(Information)

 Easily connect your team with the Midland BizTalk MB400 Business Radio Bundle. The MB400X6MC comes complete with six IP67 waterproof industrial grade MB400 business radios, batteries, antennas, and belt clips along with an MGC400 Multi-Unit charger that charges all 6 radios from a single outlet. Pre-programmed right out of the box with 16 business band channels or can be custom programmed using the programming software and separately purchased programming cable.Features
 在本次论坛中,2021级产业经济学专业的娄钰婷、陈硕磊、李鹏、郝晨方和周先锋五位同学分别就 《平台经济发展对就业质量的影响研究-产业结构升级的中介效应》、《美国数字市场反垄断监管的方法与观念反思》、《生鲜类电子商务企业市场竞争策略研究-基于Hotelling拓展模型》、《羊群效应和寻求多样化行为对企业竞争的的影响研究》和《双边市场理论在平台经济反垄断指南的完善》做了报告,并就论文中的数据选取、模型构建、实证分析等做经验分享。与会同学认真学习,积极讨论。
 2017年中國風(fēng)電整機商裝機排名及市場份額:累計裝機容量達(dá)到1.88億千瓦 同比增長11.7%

(End Information)
(Information)

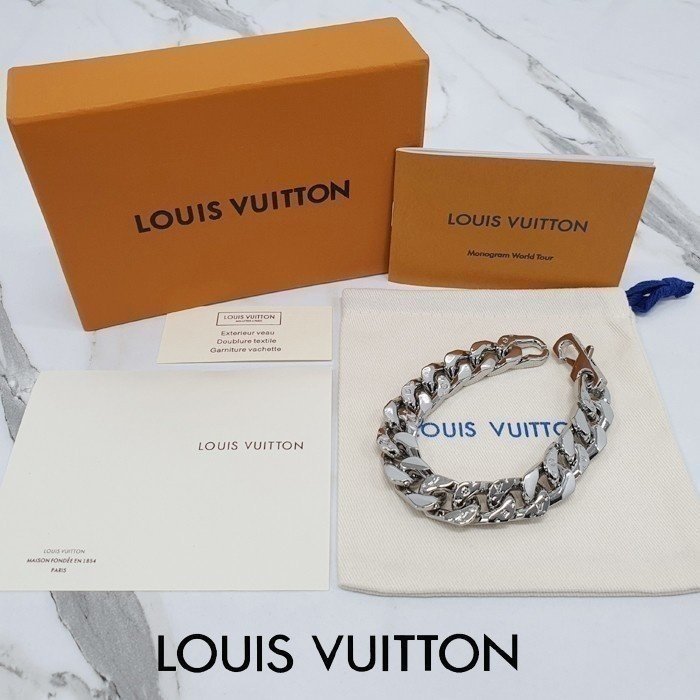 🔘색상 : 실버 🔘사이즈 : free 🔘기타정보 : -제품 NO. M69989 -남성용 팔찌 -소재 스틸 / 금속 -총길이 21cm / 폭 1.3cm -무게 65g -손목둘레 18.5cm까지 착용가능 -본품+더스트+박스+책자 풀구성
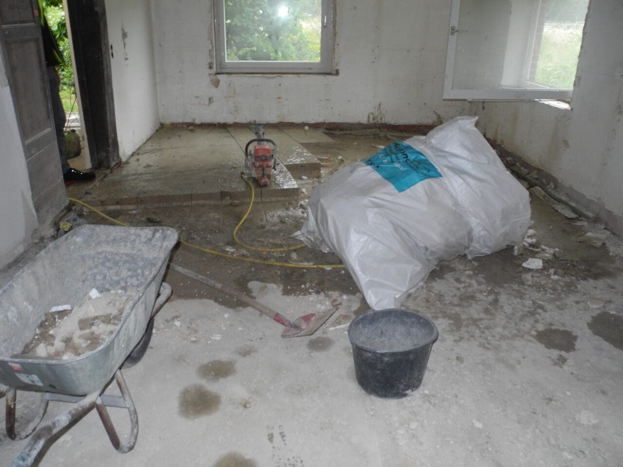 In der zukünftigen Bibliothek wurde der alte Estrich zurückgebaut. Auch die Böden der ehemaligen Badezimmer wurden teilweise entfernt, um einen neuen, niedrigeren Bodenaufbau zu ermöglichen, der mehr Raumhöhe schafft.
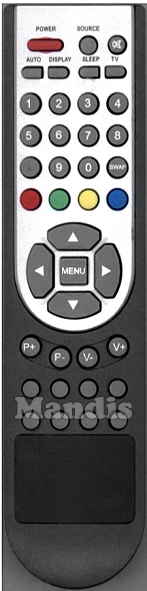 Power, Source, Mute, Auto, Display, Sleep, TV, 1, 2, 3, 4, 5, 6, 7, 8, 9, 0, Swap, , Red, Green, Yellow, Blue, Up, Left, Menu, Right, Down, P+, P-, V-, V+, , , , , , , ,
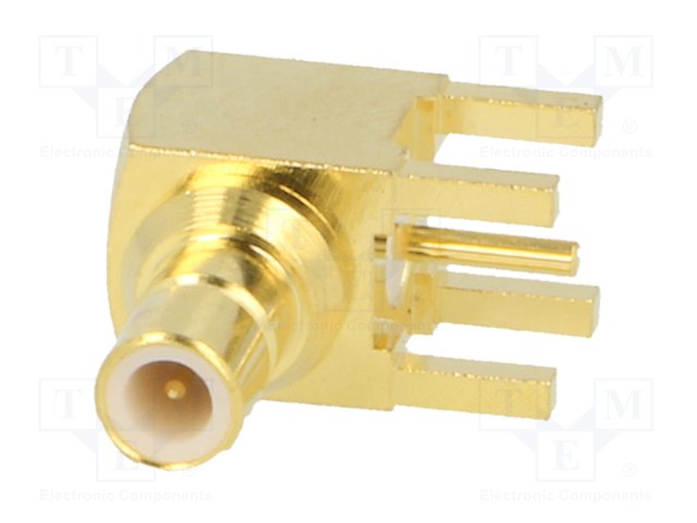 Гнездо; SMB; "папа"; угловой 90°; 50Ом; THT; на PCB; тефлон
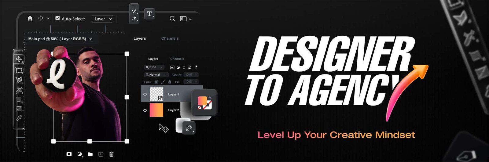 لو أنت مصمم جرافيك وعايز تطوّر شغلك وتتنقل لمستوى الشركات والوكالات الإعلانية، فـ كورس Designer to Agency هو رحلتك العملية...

(End Information)
(Information)

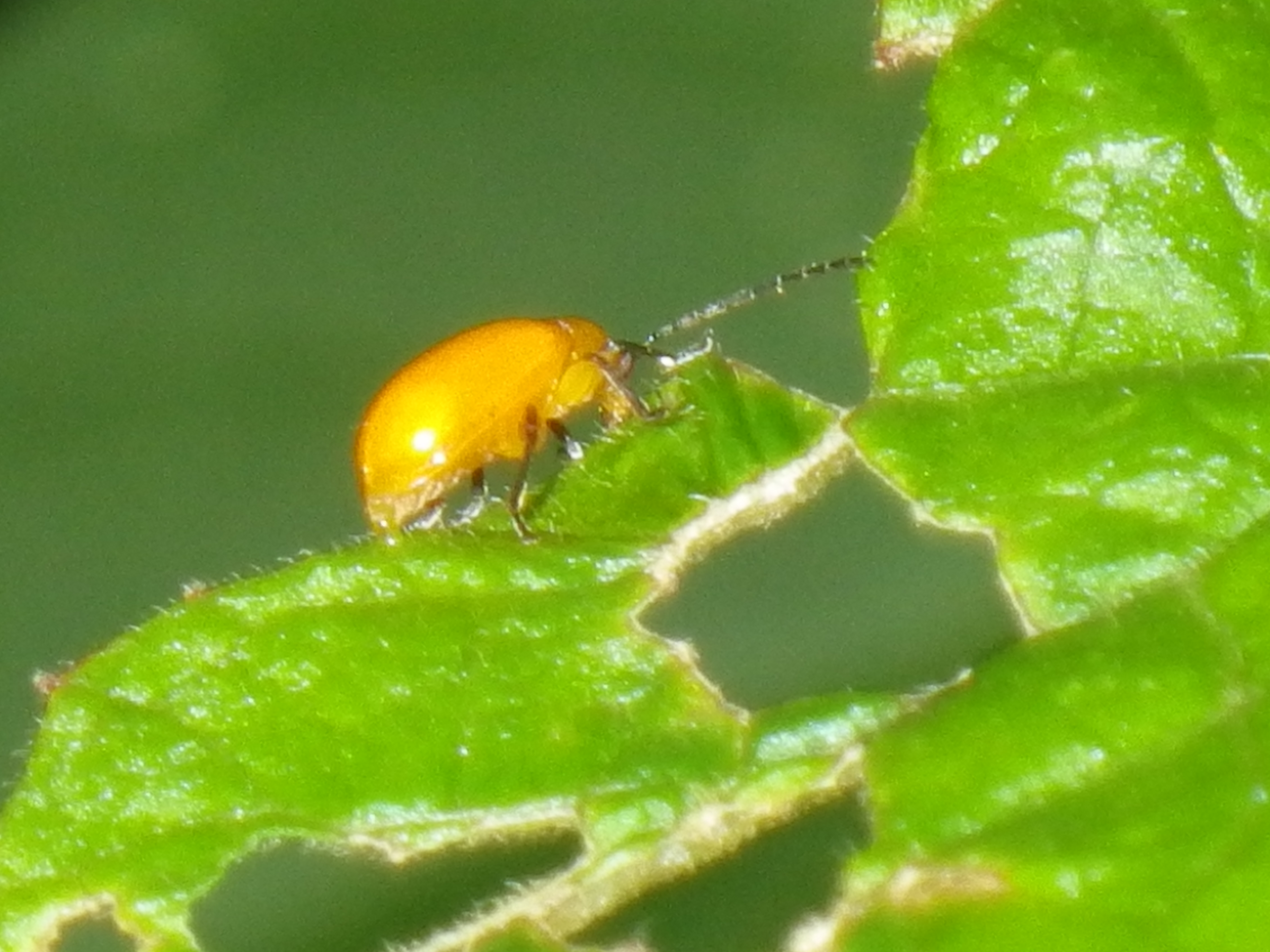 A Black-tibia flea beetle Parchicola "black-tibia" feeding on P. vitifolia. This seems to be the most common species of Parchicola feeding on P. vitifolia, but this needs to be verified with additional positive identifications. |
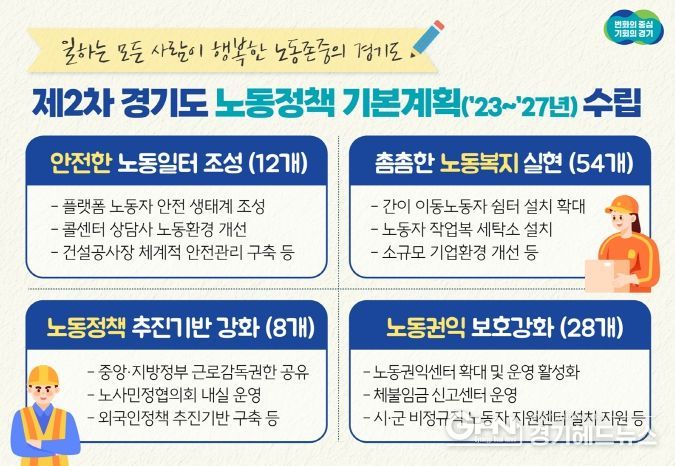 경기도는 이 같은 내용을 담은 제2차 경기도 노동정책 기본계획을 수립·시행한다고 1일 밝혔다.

(End Information)

- **Problem to work on**
Using only the entries above, output the line with "在本次论坛中,2021级产业", the line with "2017年中國風(fēng)", and all lines between them, exactly as they stand.

- **Output for this exercise**
 在本次论坛中,2021级产业经济学专业的娄钰婷、陈硕磊、李鹏、郝晨方和周先锋五位同学分别就 《平台经济发展对就业质量的影响研究-产业结构升级的中介效应》、《美国数字市场反垄断监管的方法与观念反思》、《生鲜类电子商务企业市场竞争策略研究-基于Hotelling拓展模型》、《羊群效应和寻求多样化行为对企业竞争的的影响研究》和《双边市场理论在平台经济反垄断指南的完善》做了报告,并就论文中的数据选取、模型构建、实证分析等做经验分享。与会同学认真学习,积极讨论。
 2017年中國風(fēng)電整機商裝機排名及市場份額:累計裝機容量達(dá)到1.88億千瓦 同比增長11.7%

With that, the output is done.